Tarih, hatırlanmaya değer olanların hikâyesi, anı ise,
geçmişte yaşadığımız, çeşitli olaylardan belleğin sakladığı her türlü izdir.
Tıpkı ülke tarihleri gibi, siyasi kurum ve kişi belleği de,
geçmişi kaydeden bir unsur olmaktan öte, kimlik oluşumunu destekleyen önemli
bir role sahiptir. Araştırmacılara göre, hafızasız toplumlar ve insanlar
gelecek tasarlayamazlar.
Prof. Manning, "Evrim bize geçmişimize eğilme yeteneği
sunduysa, bu, geleceğimizi kurmakta kullanmak zorunda olduğumuz malzemeleri
bize vermek içindir" diyor.
Gelecek tasavvuru için hafızamıza başvurmak zorundayız. Ve
yine aynı nedenle, yani “dün, bugün ve yarın arasındaki bağı kurabilmemiz için”

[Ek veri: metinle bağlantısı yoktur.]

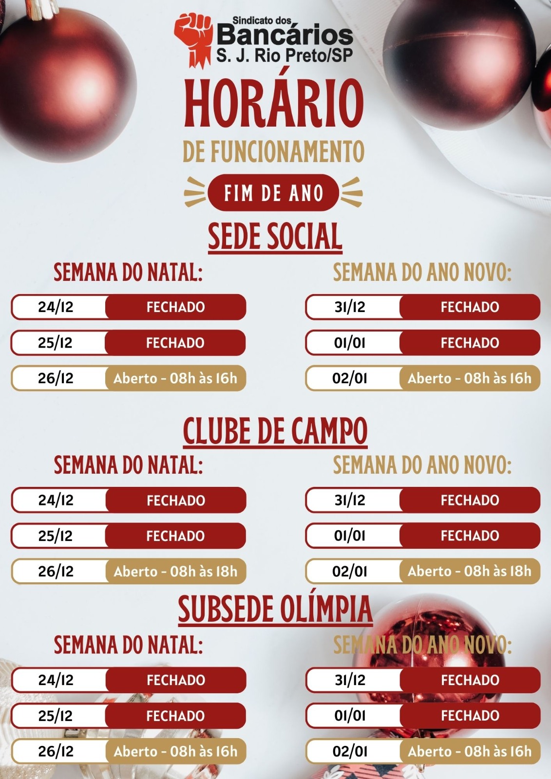 O Sindicato divulgou os horários especiais de funcionamento de suas unidades durante as semanas do Natal e do Ano Novo. A programação inclui a Sede Social, o Clube de Campo e a Subsede de Olímpia, que terão alterações nos atendimentos devido ao período festivo.

anılarımıza ihtiyaç duyarız.
Görülen o ki, nasıl olursa olsun, kişinin otobiyografik
belleği, "yarınki ben" için çok önemli olmaktadır.

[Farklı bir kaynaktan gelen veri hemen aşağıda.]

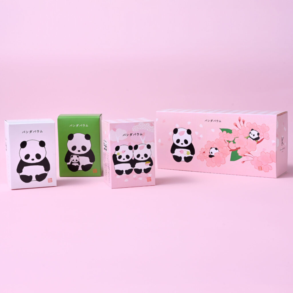 おだんごとさくら餅を手に、なんだか嬉しそうなこどもパンダ。春がふわりと香るような、さくらの味わいです。
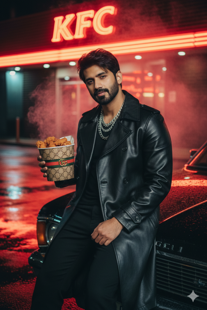 USe a reference image for character : in a black leather Gucci trench coat and silver chains sitting on the hood of a vintage car outside a glowing KFC restaurant at night, holding a Gucci-branded bucket of chicken like a champagne bottle, smoke, rain reflections on asphalt, red neon glow, cinematic night fashion editorial, shot with Fujifilm X-T5, 85mm f1.2, Testino lighting style
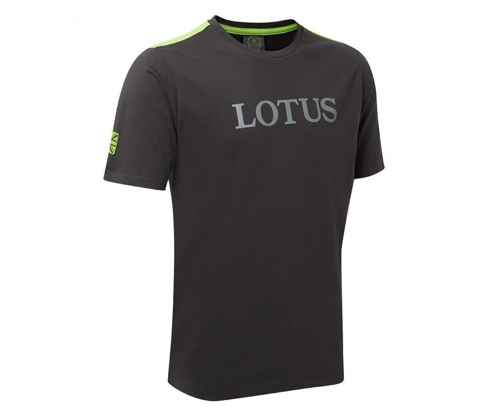 This grey crew neck t-shirt features the Lotus name in silver reflective print to the chest and the back neck-line Finished with a GB flag on the right sleeve and a lime green Lotus side tag on the waist.

Beynin anıları harekete geçiren bölgesinin zedelenmesi,
geçmişini hatırlayamaması halinde ise insanın, kişiliğini ve gelecekle ilgili
hayallerini yitirdiği sürekli “şimdiki zamanı” yaşadığı ortaya konulmuş.
Böyle bir ortamda da, toplumların ve kişilerin rotası çoğu
zaman, günün gidişatı ve güncel menfaatler üzerine şekilleniyor… Kişi de,
yeni bir kimlik oluşturma çabasına giriliyor.
Dolayısıyla kişiliğimizi inşa eden mazimizi ve
hatıralarımızı doğru şekilde okumamız gerekiyor… Onlar tarihsel
referanslarımız, bugünlere nasıl geldiğimizi ve hangi fedakârlıklarla neleri
kazandığımızı, yaşamımızın anlamını ve de gücünü anlatıyor.
Hiç kimse durup dururken, anılara gitmez. Bazılarıyla
yüzleşmeye hazır olmadığımız için aramıza zaman koysak da çoğu, hatırlanmak için yerlerini ve sıralarını
bekler. Anıların en önemli gücü,
değiştirebileceğiniz ve değiştiremeyeceğiniz şeylerin farkına varmamızı
sağlamalarıdır.
Saklanmış enerjileri vardır. Bazen yeni bir güne cesaretimiz
olurlar.
Bazen yanlış bir karar arifesinde bizi uyarır ve bizim o
yanlıştan dönmemiz için harekete geçerler.
Çünkü insanlar farkında olmasalar da, yarınlarıyla ilgili
verdikleri kararların anılarıyla örtüşmesi için
çaba sarf eder, bir yere varmak veya bir yerde olmak için anıların
onayını beklerler.
Anılar; deneyimlerimiz, heyecanlarımız, özlemlerimiz ve
tecrübelerimizdir. Kısacası anılarımızın deryasında, özümüzü ve kendimizi
buluruz.
Sonuç; Hafıza bizi korkutacak bir alan değildir. Yeni bir şeyler üretmemize ya da gelişmemize
engel olmaz. Sadece size, geçmişle
ilgili hatırlatmalarla, gelecek için de uyarma görevi yaparlar.
Bizler hakikatlere, insanın insana ve anılarına yolculuğunu
unutturmaya çalışan siyasi sistem ve kapitalizme karşı bilinç oluşturmalıyız.
Bizi biz yapan geçmişimizi anlamsızlaştırarak ya da yok
sayarak, gitmeler kalmalar arasında, kişiliğimizin ve kimliğimizin dengesini
bozmamalıyız.
Cemal Süreyya diyor ki, “Gitmekle gidilmiyor ki, gitmekle
gitmiş olamazsın; Gönlün kalır, aklın kalır, anıların kalır.”